Fundamentals 7 min read

Understanding High Performance Computing (HPC): Principles, Architecture, and Performance Metrics

This article explains the fundamentals of high‑performance computing, covering its serial and parallel processing models, heterogeneous CPU‑GPU architectures, performance measurement in FLOPS, the scale needed for exaFLOPS systems, key terminology, and why HPC is essential for scientific and engineering challenges.

Architects' Tech Alliance
Architects' Tech Alliance
Architects' Tech Alliance
Understanding High Performance Computing (HPC): Principles, Architecture, and Performance Metrics

High‑performance computing (HPC) leverages supercomputers and parallel‑processing techniques to finish long‑running tasks quickly or to execute many tasks simultaneously, and the HPC market combines traditional and rapidly emerging segments targeting high‑end users and benchmark projects with a trend toward broader accessibility.

How HPC Works

In HPC, information is processed mainly in two ways: serial processing performed by the central processing unit (CPU), where each core typically handles one task at a time and is essential for operating systems and basic applications; and parallel processing that can use multiple CPUs or graphics processing units (GPUs).

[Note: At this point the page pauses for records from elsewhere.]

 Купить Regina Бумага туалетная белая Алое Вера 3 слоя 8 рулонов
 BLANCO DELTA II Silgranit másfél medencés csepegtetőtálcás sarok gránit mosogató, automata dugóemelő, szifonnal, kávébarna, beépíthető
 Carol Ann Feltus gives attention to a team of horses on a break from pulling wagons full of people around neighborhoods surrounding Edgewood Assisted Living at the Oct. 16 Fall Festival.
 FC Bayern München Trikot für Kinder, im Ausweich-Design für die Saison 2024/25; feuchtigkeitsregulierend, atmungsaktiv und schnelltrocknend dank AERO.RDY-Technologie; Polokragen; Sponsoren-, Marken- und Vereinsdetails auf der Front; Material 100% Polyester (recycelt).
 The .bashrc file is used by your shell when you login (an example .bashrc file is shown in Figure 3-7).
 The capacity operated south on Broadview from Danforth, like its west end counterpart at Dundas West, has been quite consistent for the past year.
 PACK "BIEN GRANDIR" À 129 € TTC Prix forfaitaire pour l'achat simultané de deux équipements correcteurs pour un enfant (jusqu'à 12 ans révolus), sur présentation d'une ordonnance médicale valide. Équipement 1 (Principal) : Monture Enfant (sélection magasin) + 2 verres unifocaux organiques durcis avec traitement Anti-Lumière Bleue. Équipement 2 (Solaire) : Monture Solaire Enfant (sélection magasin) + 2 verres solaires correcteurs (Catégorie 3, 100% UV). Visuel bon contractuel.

GPUs, originally designed for graphics, can execute many arithmetic operations across data matrices (such as screen pixels) at once, making them well‑suited for parallel workloads in machine‑learning applications like object detection in videos.

Advancing beyond current supercomputing limits requires diverse system architectures. Most HPC systems interconnect multiple processors and memory modules with ultra‑high‑bandwidth links to enable parallel processing, and some combine CPUs and GPUs in heterogeneous computing configurations.

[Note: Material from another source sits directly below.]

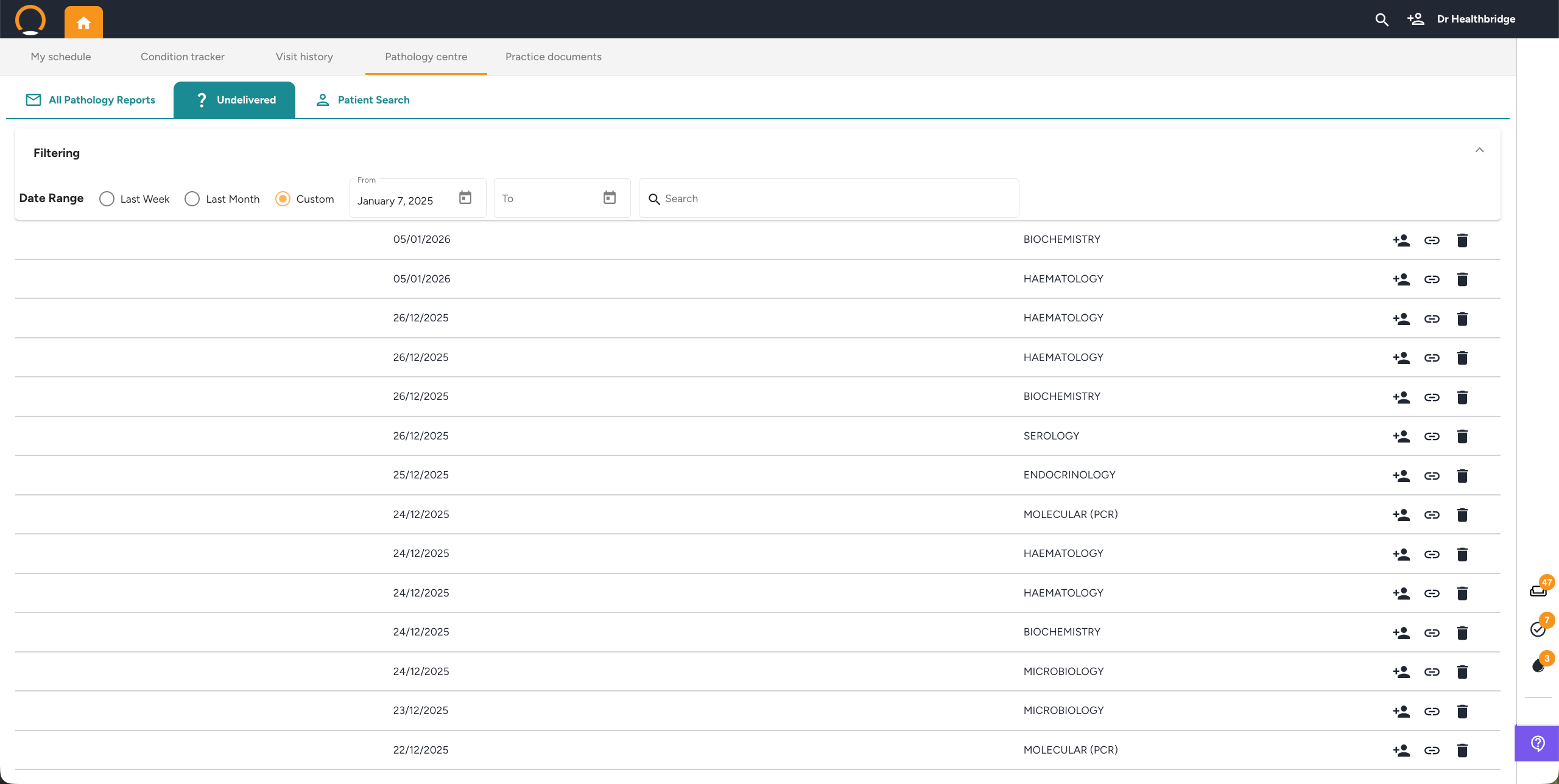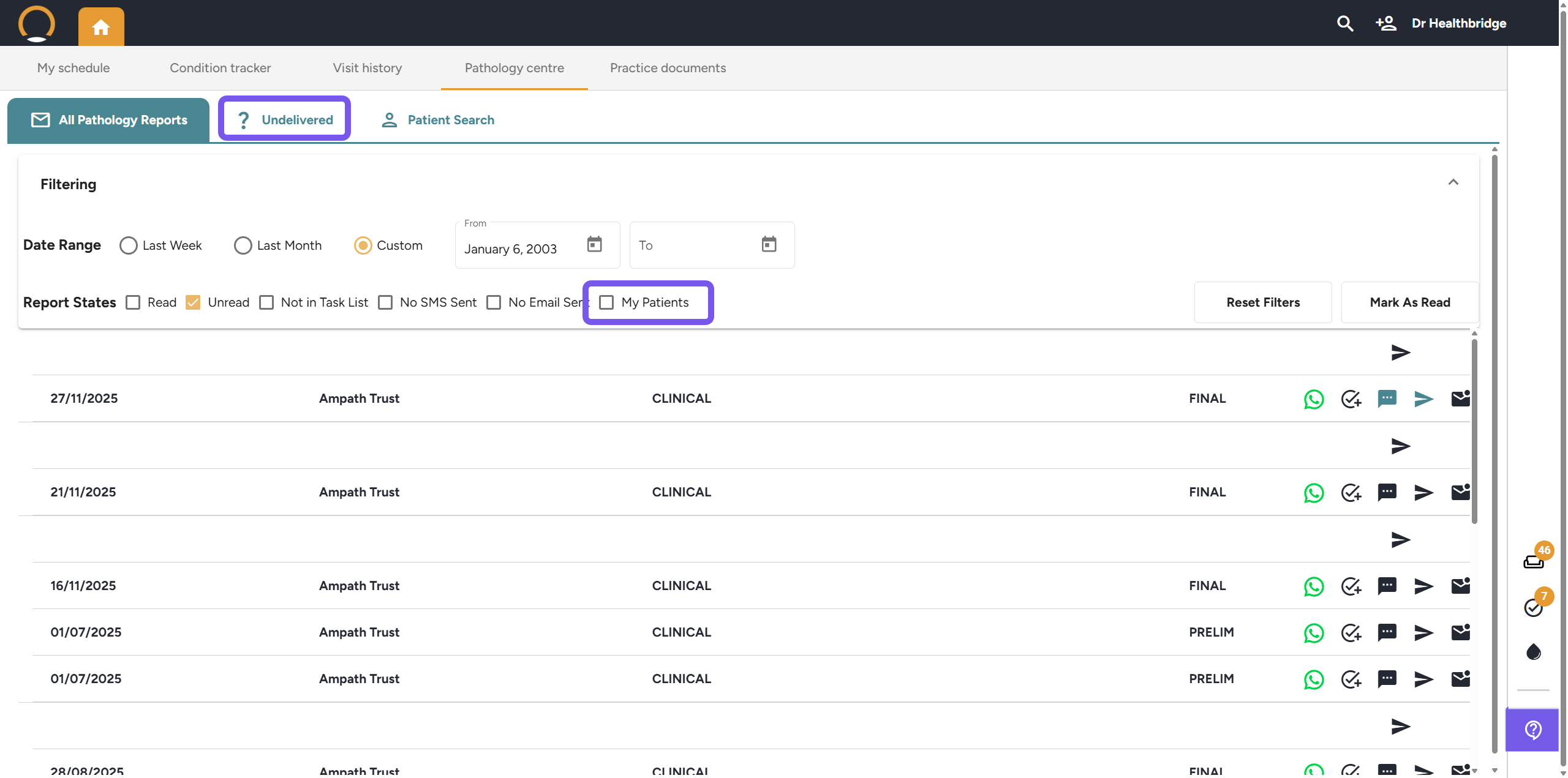 In Healthbridge Clinical, the Undelivered tab in the Pathology Centre acts as a safety net for your practice. It ensures that no laboratory report is overlooked, even if the system cannot automatically match it to a specific patient file.

Computing performance is measured in FLOPS (floating‑point operations per second). By early 2019, top‑tier supercomputers could achieve 143.5 petaFLOPS (10¹⁵ FLOPS), while high‑end gaming desktops reach about 200 gigaFLOPS (10⁹ FLOPS), a million‑fold slower. The next milestone, exaFLOPS (10¹⁸ FLOPS), would be roughly 1,000 times faster than the current petaFLOPS class.

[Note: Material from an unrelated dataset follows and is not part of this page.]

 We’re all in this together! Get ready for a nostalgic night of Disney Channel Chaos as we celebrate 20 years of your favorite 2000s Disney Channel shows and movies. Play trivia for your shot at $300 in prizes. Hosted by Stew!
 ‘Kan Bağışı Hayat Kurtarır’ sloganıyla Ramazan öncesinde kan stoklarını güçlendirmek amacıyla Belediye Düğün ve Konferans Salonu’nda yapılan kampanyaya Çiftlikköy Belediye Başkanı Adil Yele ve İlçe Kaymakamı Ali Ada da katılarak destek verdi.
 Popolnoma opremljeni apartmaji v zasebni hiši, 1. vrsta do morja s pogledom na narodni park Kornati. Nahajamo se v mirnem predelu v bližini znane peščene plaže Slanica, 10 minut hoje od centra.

FLOPS describe theoretical speed; achieving it requires continuous data transfer to processors, so system design must consider data‑throughput, memory bandwidth, and interconnect latency.

Reaching exaFLOPS performance would roughly require 5 million desktop machines, assuming each provides 200 gigaFLOPS.

Terminology

High‑Performance Computing (HPC): a broad class of powerful computing systems ranging from a single CPU + several GPUs to world‑leading supercomputers.

Supercomputer: the most advanced HPC machines, defined by ever‑increasing performance benchmarks.

Heterogeneous Computing: an architecture that optimizes both serial (CPU) and parallel (GPU) processing capabilities.

Memory: storage within an HPC system that provides fast data access.

Interconnect: the system layer that enables communication among processing nodes, existing at multiple levels in supercomputers.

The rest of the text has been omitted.